Живут себе, она обереги плетет да силки колдовские, он уголь продает. Понятное дело, обитают небогато, но сыто более-менее. Смотрит парнишка, а дело то к прибавлению в семействе идет!
И порешил этот изгой, что пожениться надо им. Честь по чести, как положено — перед алтарем да со жрецом. Вишь как, — улыбнулся рассказчик, — хоть изгой, а правду понимал… Ну достал серебро из захоронки и пошел к жрецу местному. Да только вот не знал, что жрец-то был не простой…
Толмач со значением поднял вверх палец, выдерживая паузу.
— А какой? — спросил уже заинтригованный Алексей.
— А был тот жрец не кто-нибудь, а слуга самого Неназываемого… — заговорщически понизил он голос. — Смекаешь, тоан? Шеонакаллу — не кого-нибудь!
Дослушать легенду-быль разведчику не удалось.
— Скажи, тоан, ты не боишься? — вдруг спросил старик, помешивая кипевший в котелке суп.
— Нет, а чего я должен бояться? — чуть усмехнулся разведчик. — Альфарок твоих или, может, самого Неназываемого?
— Не к ночи будь помянут, — сделал защитный жест проводник. — Я о твоем желании узнать секреты земли нашей.

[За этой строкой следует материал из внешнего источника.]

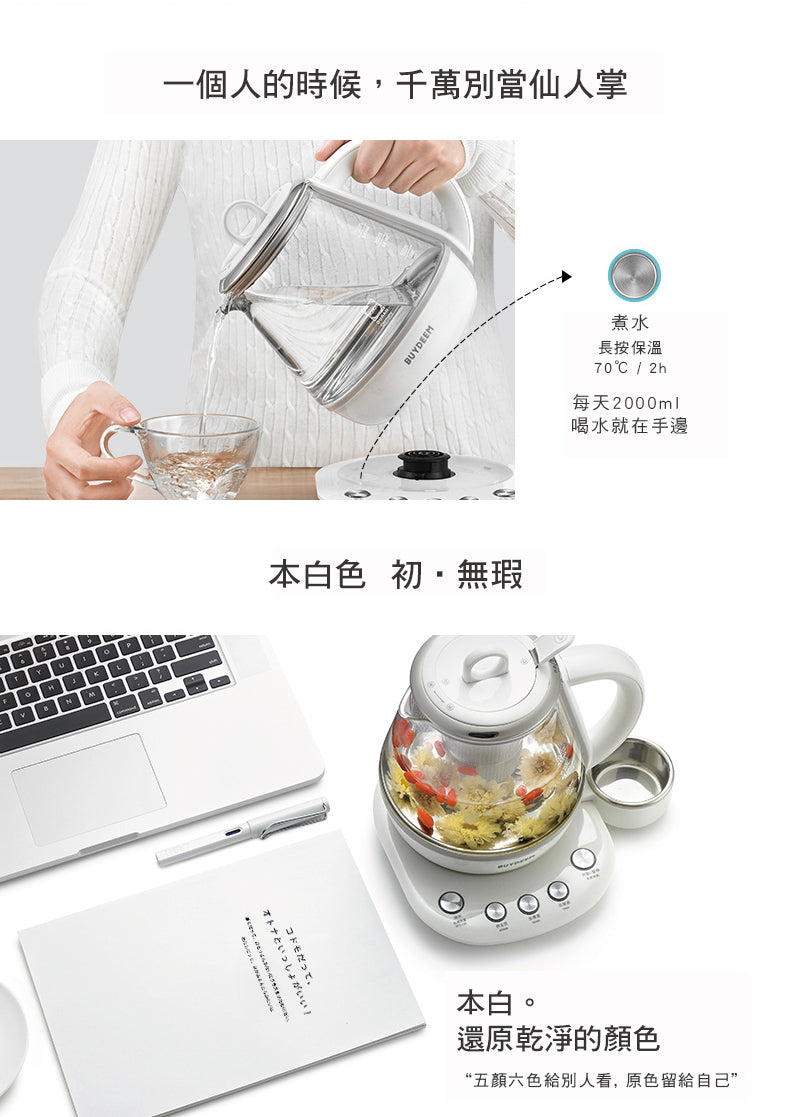 北鼎Buydeem,全球化智能溫控的廚電專家,以優異的生產技術、頂極的嚴選原料、智能的溫控科技、嚴苛的品質管控、全方面的需求規劃,設計出最適合亞洲飲食習慣的多功能烹煮壺,一鍵搞定繁複的營養學,讓您隨時都上“飲”。

Великая тайна всегда пугает.
Так вот для чего завел свою сказку старый хитрец. Ему надо было обдумать просьбу Алексея поделиться с ним тайнами Аргуэрлайла, которыми, как прихвастнул недавно на прощальной пирушке у сохского цана по пьяни толмач, он якобы владеет.

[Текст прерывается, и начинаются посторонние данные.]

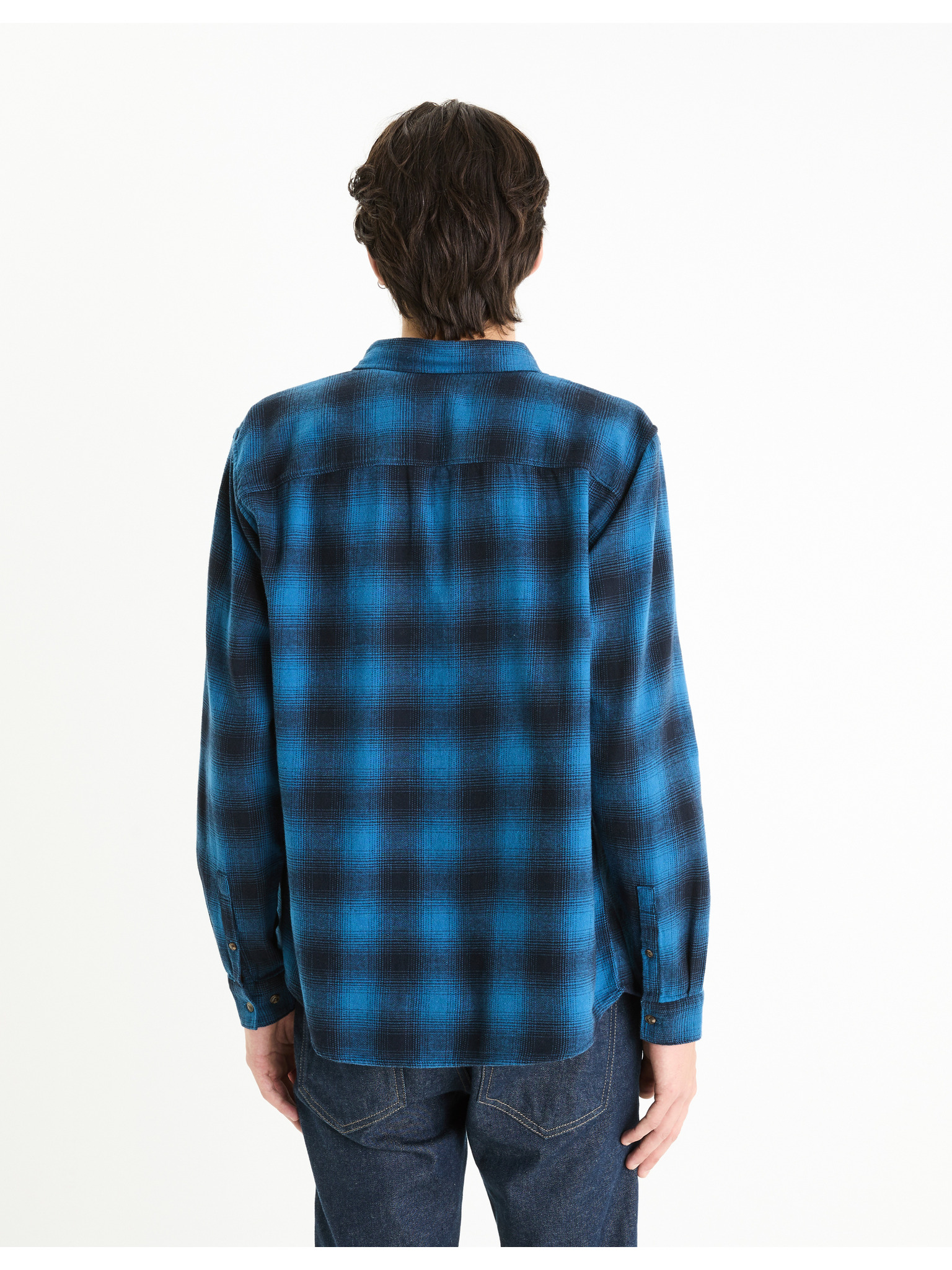 Синя мъжка карирана риза Celio Fabuche

— А тайна действительно великая? — Костюк скептически покосился на своего спутника.
За время, проведенное в компании Найарони, он уже привык к тому, что старец любит прихвастнуть и, мягко говоря, приукрасить действительность.
Найарони оставил варево и некоторое время смотрел в вечернее, фиолетово-зеленое небо.
— Да, — наконец вымолвил он с необычайной серьезностью. — Это секрет действительно великий…
— Что это за тайна? Это тайна твоего народа?
— У Найарони нет народа, который он бы мог назвать своим, — с глухой печалью ответил старик. — Это тайна иных времен и иных народов. Узнав ее, ты станешь богат и знаменит. Я не поставлю тебе никаких условий и не возьму с тебя никакой платы; единственное — ты не должен будешь ничего спрашивать у меня до того, как мы доберемся до места. Теперь ложись, завтра нас ждет трудная дорога.
И старик сразу ушел в лес, оставив Костюка в крайнем замешательстве.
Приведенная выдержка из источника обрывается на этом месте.